Personally, my favourite baddies in Doctor Who were always the Cybermen, pictured here supporting their early, bandaged, post-op look. They were human once, before they gradually swapped all of their imperfect organic body parts for mechanical replacements. To my mind, the Cybermen amount to a warning of what will happen to us if the search for medical cures goes too far!

In the past, it’s fair to say that a lot of Doctor Who‘s portrayals of disability were less than positive. A large number of so-called ‘monsters’ were portrayed as evil because they looked different. Villains such as Magnus Greel and Sharaz Jek (pictured) were simply people with facial disfigurements, huge stereotypical chips on their shoulders and possibly some mental health issues too!

Disabled characters were also routinely cured. The last series in 1989 featured a blind woman regaining her sight and a possessed, walking wheelchair-user taking revenge by killing his intensely patronising ‘carer’. There’s a message here somewhere!

According to The Independent, we could be getting something very different in 2005. New Doctor Who Christopher Eccleston is determined that his Doctor will value inclusion. “The Doctor is … completely non-judgmental. He accepts everything and everyone, whether they’re black or blue, gay or straight.

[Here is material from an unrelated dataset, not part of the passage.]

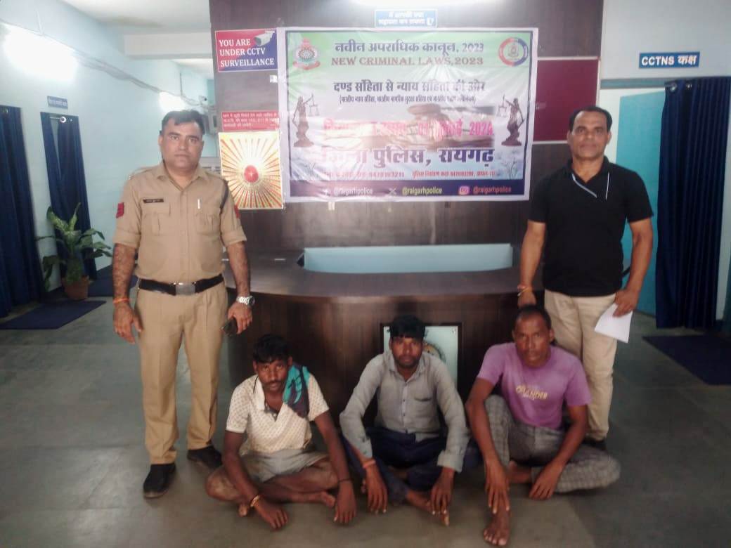 *रायगढ़, 27 अगस्त 2024* । आज कोतरारोड़ पुलिस ने फरार वारंटियों की सूचना लेकर चोरी के संगीन मामले में तीन फरार वारंटियों को गिरफ्तार कर न्यायालय में पेश किया है। आरोपी गेंद लाल बघेल (35), सरजू सिदार (35), और अनिल यादव (27) को उनके गांव लिटाईपाली से हिरासत में लिया गया। इन आरोपियों के खिलाफ थाना कोतरारोड़ में अपराध क्रमांक 273/2022 धारा 457, 380, 34 आईपीसी के तहत केस दर्ज था, वे न्यायालय के समन पर न्यायालय में उपस्थित नहीं हो रहे थे। न्यायिक मजिस्ट्रेट प्रथम श्रेणी, रायगढ़ द्वारा जारी गिरफ्तारी वारंट के परिपालन में कोतरारोड़ पुलिस द्वारा यह कार्रवाई की गई। थाना प्रभारी कोतरारोड़ निरीक्षक त्रिनाथ त्रिपाठी के निर्देशन में सहायक उप निरीक्षक कुसुम केवर्त, प्रधान आरक्षक करुणेश राय और आरक्षक चंद्रेश पांडेय ने यह सफल रेड कार्रवाई को अंजाम देकर वारंटियों के गांव जाकर दबिश में उन्हें पकड़ा ।

If he meets an alien, his first reaction is not revulsion, but joy. He celebrates life in all its forms, shades, colours and creeds.”

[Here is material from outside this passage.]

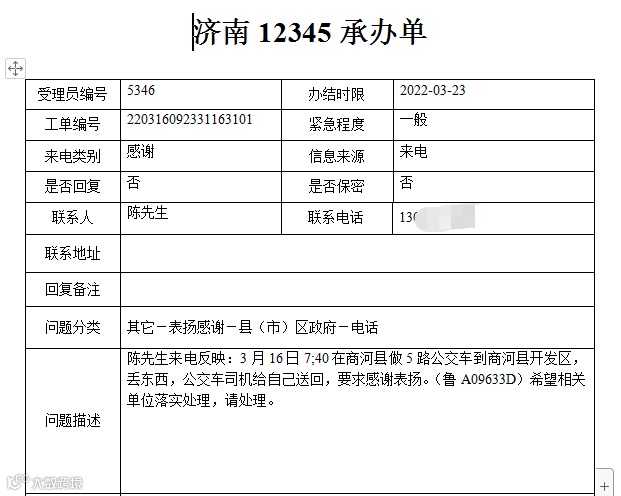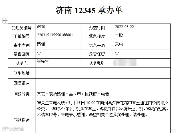 3月15日10:00,崔先生在商河县夕阳红路口乘坐通往白桥的城乡公交,下车时不慎将手机落在车上,路来财师傅联系到自己家属归还手机,崔先生特地来电表示感谢。

So how about using a few more disabled actors in the series?

My first childhood memory of seeing a disabled actor was watching Nabil Shaban play Sil, a slimy, green slug. OK, so a slug maybe wasn’t such a great role model for an 11 year-old boy, but at least it showed me that disabled people could be actors.

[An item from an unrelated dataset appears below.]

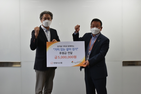 이번 후원금은 임직원 가족과 함께하는 ‘가치있는 같이 걷기’ 비대면 행사를 통하여 마련되었다. 한화시스템은 2017년부터 도촌종합사회복지관과 장애인 복지사업 지원 MOU를 체결하고 후원과 봉사를 이어오고 있다.
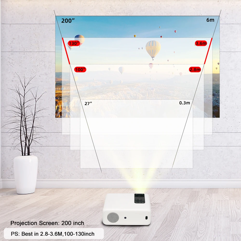 The video projector offers the projection size from 27" to 200" depending on the distance and 100-130inch is the recommended viewing distance

The series has also us1ed its fair share of actors of restricted growth, most notably the murderous Chinese mannequin Mr Sin. According to the Daily Mirror, new series executive producer Russell T Davies has found that: “It’s very difficult to employ persons of restricted growth when, as our producer Phil Collinson says, ‘Bloody Gringotts and the Chocolate Factory are filming at the same time'”.

However, this problem must have been resolved as the new series features at least one actor with restricted growth: Jimmy Vee playing the Moxx of Balhoon.

But wouldn’t it be good to have some disabled actors playing actual disabled characters in the new series? A friend of mine recently remarked how Lisa Hammond would make a great Doctor Who companion. Fabulous idea. It’d be a welcome change from us being embittered, vengeful, evil, cured, alien or exterminated by Daleks!